▶ Activity
What follows is a listing to transcribe exactly, leaving the pictures out.

[[ Given data open ]]

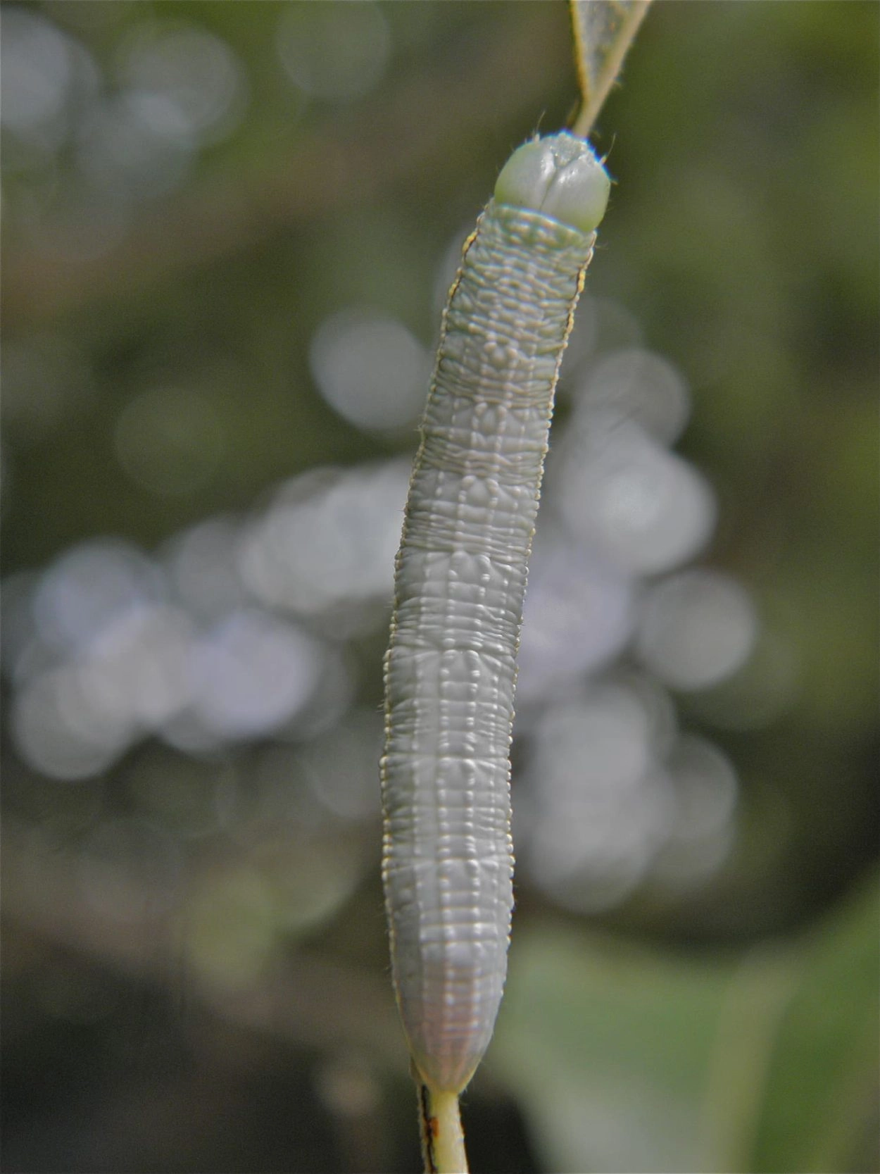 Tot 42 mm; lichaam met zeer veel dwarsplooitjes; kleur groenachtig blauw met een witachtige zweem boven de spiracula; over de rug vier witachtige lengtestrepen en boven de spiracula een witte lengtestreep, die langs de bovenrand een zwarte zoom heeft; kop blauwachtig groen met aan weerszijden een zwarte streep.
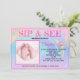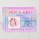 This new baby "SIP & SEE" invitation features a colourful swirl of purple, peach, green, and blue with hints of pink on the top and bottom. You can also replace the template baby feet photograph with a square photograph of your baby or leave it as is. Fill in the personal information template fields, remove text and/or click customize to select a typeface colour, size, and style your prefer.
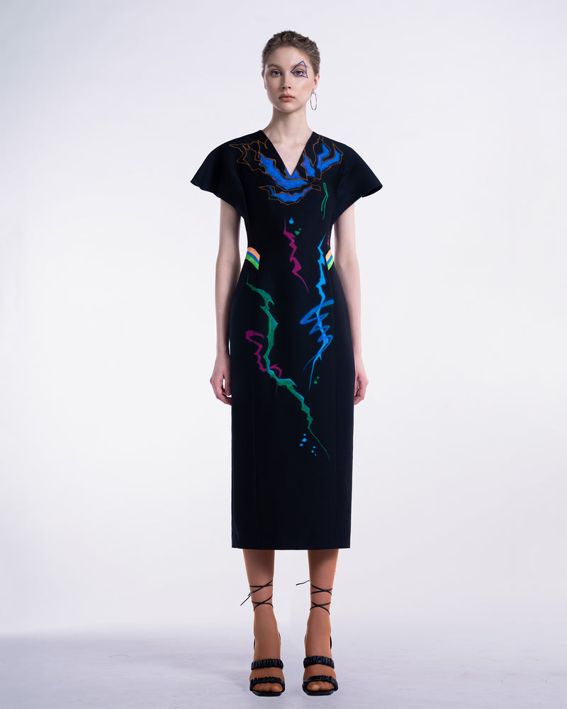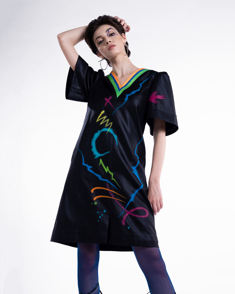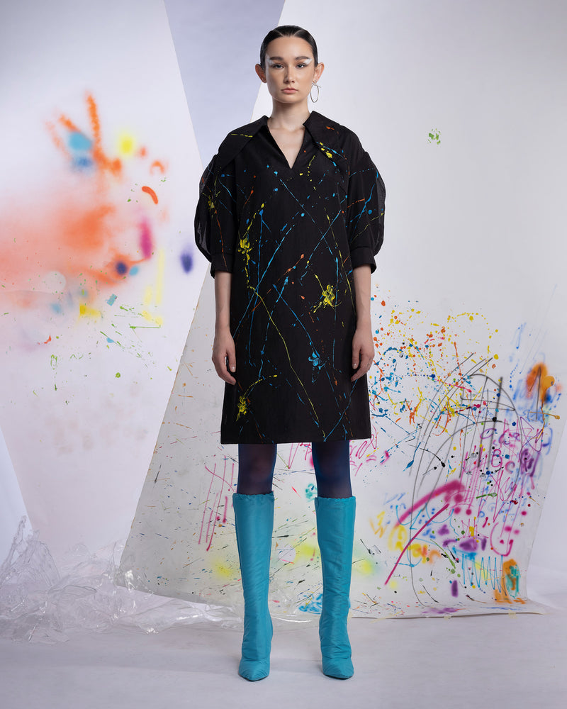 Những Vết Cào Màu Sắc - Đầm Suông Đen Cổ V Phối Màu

[[ Given data closed ]]

▶ Answer box
 Tot 42 mm; lichaam met zeer veel dwarsplooitjes; kleur groenachtig blauw met een witachtige zweem boven de spiracula; over de rug vier witachtige lengtestrepen en boven de spiracula een witte lengtestreep, die langs de bovenrand een zwarte zoom heeft; kop blauwachtig groen met aan weerszijden een zwarte streep.
 This new baby "SIP & SEE" invitation features a colourful swirl of purple, peach, green, and blue with hints of pink on the top and bottom. You can also replace the template baby feet photograph with a square photograph of your baby or leave it as is. Fill in the personal information template fields, remove text and/or click customize to select a typeface colour, size, and style your prefer.
 Những Vết Cào Màu Sắc - Đầm Suông Đen Cổ V Phối Màu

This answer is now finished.